At last week’s meeting, we dug into the computational portion of the project, discussing different ways we could run our algorithm on the gene lists and how that would affect our results. We also discussed a few different methods for running on our gene lists – one method involves a support vector machine and the other is an iterative method of computing scores, shown below.
Alex was able to track down some software for the former method from the autism paper that inspired our project. One of our tasks was to try to get this software to work on our current gene lists – unfortunately, we hit a bit of a wall with this method.
For the second method, we were able to successfully run it on Alex’s gene list. I also had the task of running the iterative method on a small toy example, which was a small graph consisting of 10 nodes, 11 edges, 1 positive, and 1 negative. Anna informed me that when she did it, the scores converged after about 27 time steps, which matches the results that I got. We will go over the results in this week’s meeting and discuss what our goals for this week are.

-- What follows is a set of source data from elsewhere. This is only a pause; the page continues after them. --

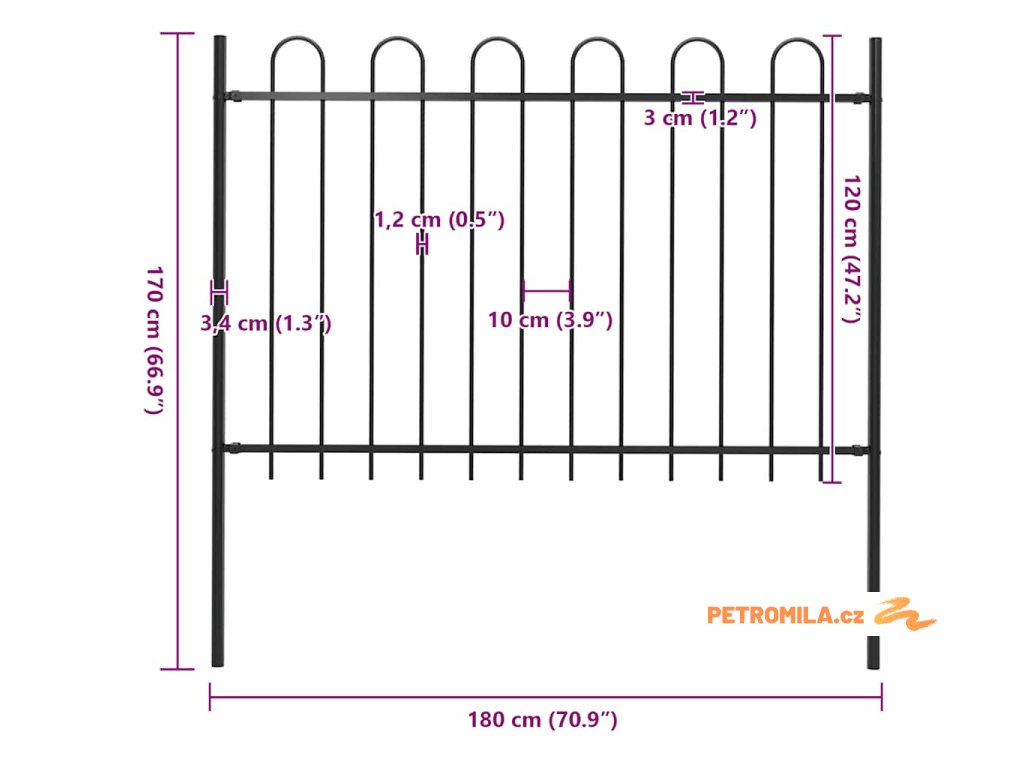 Náš zahradní plot tvoří svislé pruty nahoře zakončené obloučky a pevné vodorovné výztuhy, které rám zpevňují. Poskytuje vysokou míru zabezpečení. Plot, zhotovený z vysoce odolné oceli ošetřené práškováním, je výjimečně stabilní, pevný a dlouhodobě odolný. Jeho sestavení je snadné, veškerý montážní materiál je totiž součástí balení.
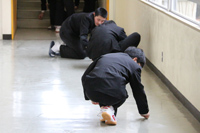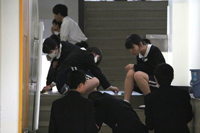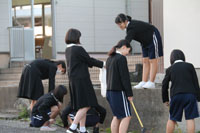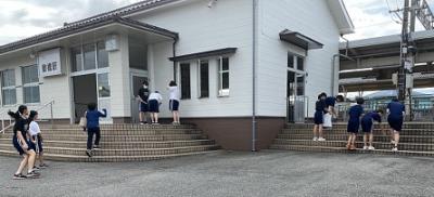 ・生徒玄関内で受付を行い、検温と手洗いを行ったあと活動する。
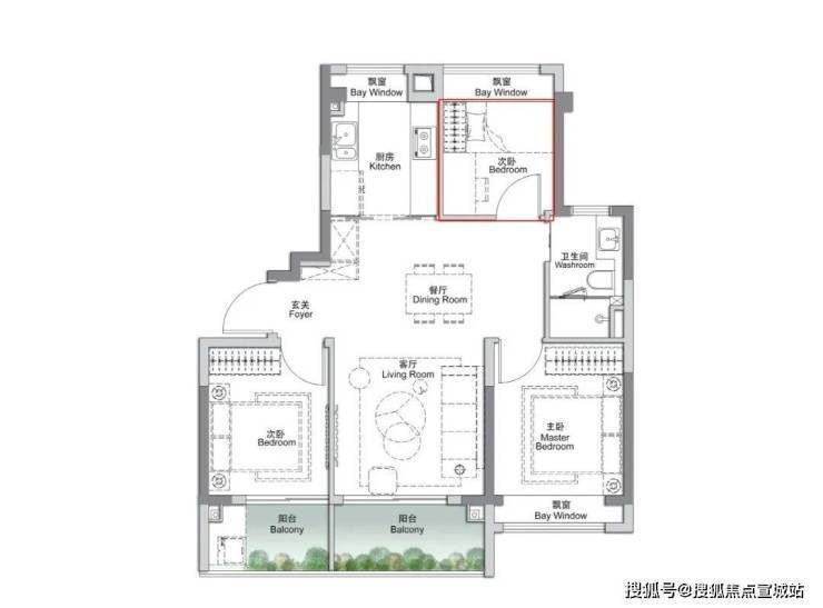 这个户型除了三开间朝南,再加上“3个飘窗+双面阳台系统”,采光通透性非常高优势之外,业主还可根据家庭结构与生活需求,灵活将空间定制为3房或者2+1房。

The main goal for this semester is going to be the implementation of the program and the production of a list of candidate genes.
However, we first need to figure out the best way to build the program. This week, I’m going to gain a deeper understanding of the algorithm that we’re basing our project on. Also, I’m going to try to find some software packages that can help us implement the program, which uses support vector machines. I will also research a possible alternative method that doesn’t use support vector machines: logistic regression. Finally, I will gain more information about the integration of our data sets with the functional interaction network by finding nodes with a high amount of SZ and Focal Adhesion positive neighbors.